The study by Sehring et al. depends on an extensive and thoroughly acquired collection of data points in combination with a robust and rigorous statistical analysis. I see that the authors have spent a lot of effort into this and I am overwhelmed by the number of analyzed data points that again depend on careful measurements at the cellular level in a more or less intact tissue. However, since just a fraction of cells has been chosen to be incorporated into the statistical analysis, there is a certain risk of a biased selection. I think the reader of the paper would appreciate a somewhat clearer picture of how the authors get to their final numbers, starting from the original image data. This appears of particular importance when it comes to determining the elongation of cells and the angular deviations from the proximo-distal axis. In many cases (e.g. Fig.2 A, B, D and E), the reader has to take those numbers without seeing any primary image data. A practicable solution to that issue would be to complement the accompanying Excel sheets of raw data with corresponding image material. This should show an overview of a representative sample for the dedicated experiment, together with some appropriate magnifications of analyzed cells including the axes along which those measurements have been performed. Also, it would be important to state within the methods section of the paper whether the measurements have been done manually using Fiji or whether a certain automated Fiji plug-in has been used for this part of the analysis.

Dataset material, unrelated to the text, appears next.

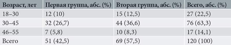 Изучены данные 120 пациенток. Средний возраст женщин составил 33 ± 6 лет (табл. 1). Мастопатия в анамнезе выявлена у 27 (22,5%) женщин в возрасте 18–30 лет, у 76 (63,3%) – в возрасте 30–45 лет, у 17 (14,2%) – в возрасте 46–55 лет. Было сформировано две группы. Первую составила 51 (42,5%) пациентка с ДДЗМЖ без нарушений функции щитовидной железы, вторую – 69 (57,5%) пациенток с ДДЗМЖ и нарушенным тиреоидным статусом.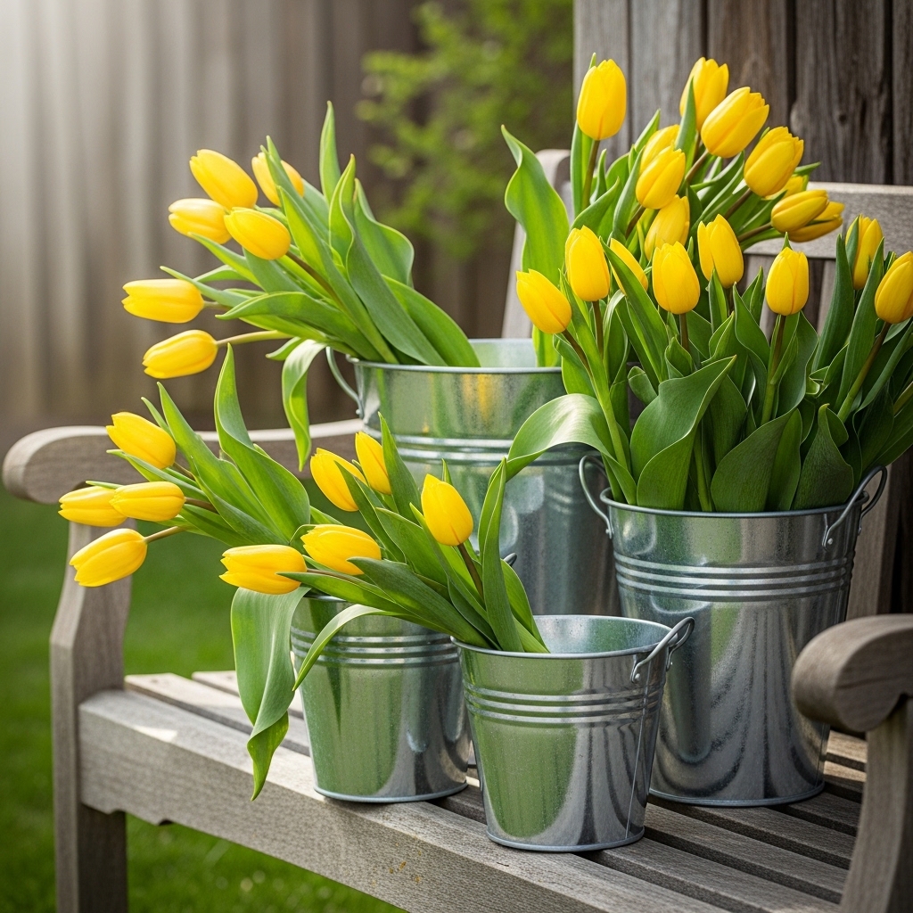 Galvanized metal planters introduce a subtle industrial edge to farmhouse decor. Filled with spring blooms like tulips or daffodils, they can be placed on porches, shelves, or kitchen counters.

Along the same line, it would strengthen the statement provided by the statistical diagram in Fig.3A if the authors could show images of cells from segment -1 and -2 for all three experimental conditions. In particular, since the depicted segment -1 osteoblasts look rather roundish than elongated (compare with Fig.1 C and D, images and width/length ratio).
In regards to the biology itself, Sehring and colleagues claim that the complement system is required for injury-induced directed osteoblast migration. To strengthen this point it would be beneficial if the authors could show that the central complement components C3 and C5 are indeed expressed at the amputation site where the dedifferentiated pre-osteoblasts migrate to. It would be interesting to learn about the localization of C3 and C5 expression in the conventional amputation as well as the double-injury condition. Apparently, the RNAscope-based in situ hybridization seems to work quite well in the Weidinger lab.
To judge whether this osteoblast's migratory response is cell-type specific and cell-autonomous it would be good to know if c5ar1 and c3ar are solely expressed in osteoblasts, or rather broadly within tissue lining the hemirays.
Despite these two more substantial but manageable criticisms, the manuscript by Sehring et al. is an outstanding piece of work that provides important new findings to the field.